=== Given data ===

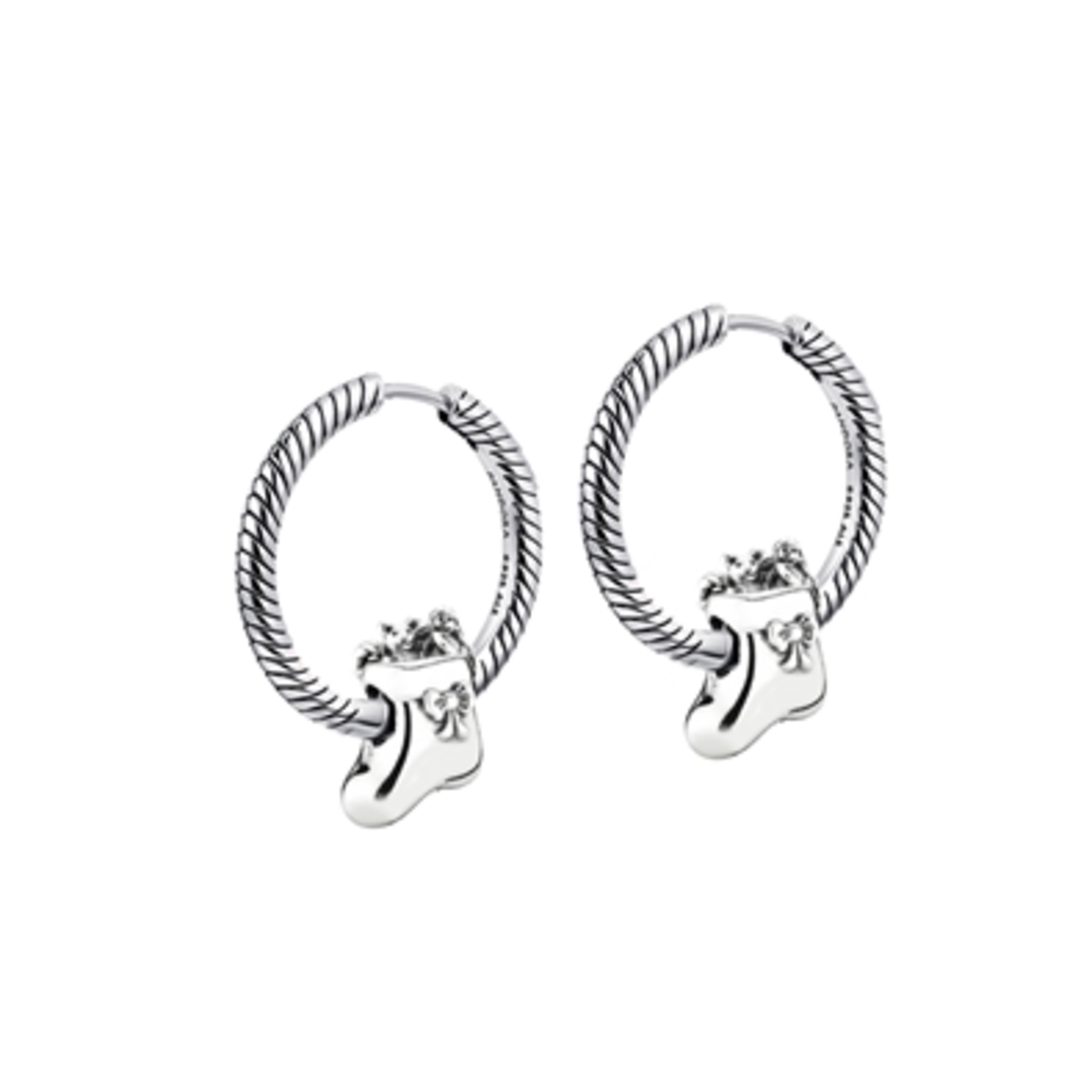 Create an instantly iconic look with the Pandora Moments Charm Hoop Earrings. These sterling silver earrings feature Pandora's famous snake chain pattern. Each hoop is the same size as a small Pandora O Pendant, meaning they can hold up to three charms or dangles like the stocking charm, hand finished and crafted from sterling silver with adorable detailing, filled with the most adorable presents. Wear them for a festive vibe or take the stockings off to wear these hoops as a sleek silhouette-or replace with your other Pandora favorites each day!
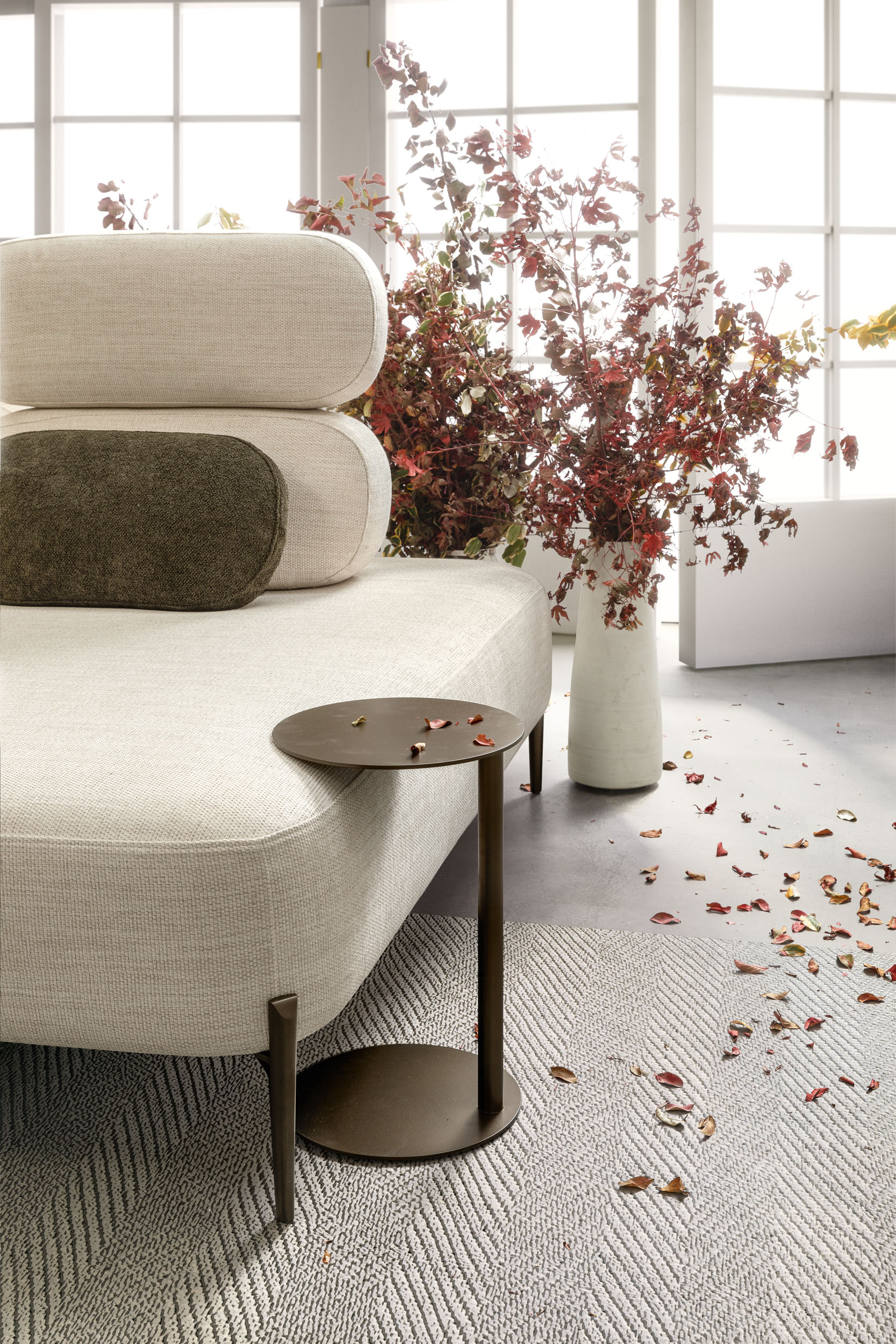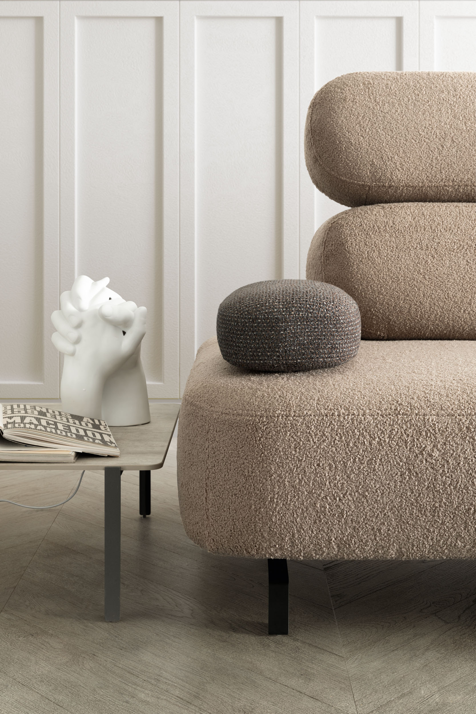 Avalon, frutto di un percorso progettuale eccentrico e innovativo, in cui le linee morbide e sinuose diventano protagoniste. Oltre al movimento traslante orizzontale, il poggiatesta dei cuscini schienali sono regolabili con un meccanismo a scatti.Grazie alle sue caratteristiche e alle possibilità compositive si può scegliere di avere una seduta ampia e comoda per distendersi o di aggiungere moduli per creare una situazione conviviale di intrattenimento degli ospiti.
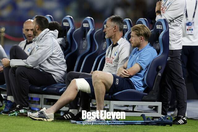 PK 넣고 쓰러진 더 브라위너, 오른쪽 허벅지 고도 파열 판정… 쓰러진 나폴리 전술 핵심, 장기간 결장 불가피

===

▶ To do: Output the data verbatim, images excluded.

▶ Result:
 Create an instantly iconic look with the Pandora Moments Charm Hoop Earrings. These sterling silver earrings feature Pandora's famous snake chain pattern. Each hoop is the same size as a small Pandora O Pendant, meaning they can hold up to three charms or dangles like the stocking charm, hand finished and crafted from sterling silver with adorable detailing, filled with the most adorable presents. Wear them for a festive vibe or take the stockings off to wear these hoops as a sleek silhouette-or replace with your other Pandora favorites each day!
 Avalon, frutto di un percorso progettuale eccentrico e innovativo, in cui le linee morbide e sinuose diventano protagoniste. Oltre al movimento traslante orizzontale, il poggiatesta dei cuscini schienali sono regolabili con un meccanismo a scatti.Grazie alle sue caratteristiche e alle possibilità compositive si può scegliere di avere una seduta ampia e comoda per distendersi o di aggiungere moduli per creare una situazione conviviale di intrattenimento degli ospiti.
 PK 넣고 쓰러진 더 브라위너, 오른쪽 허벅지 고도 파열 판정… 쓰러진 나폴리 전술 핵심, 장기간 결장 불가피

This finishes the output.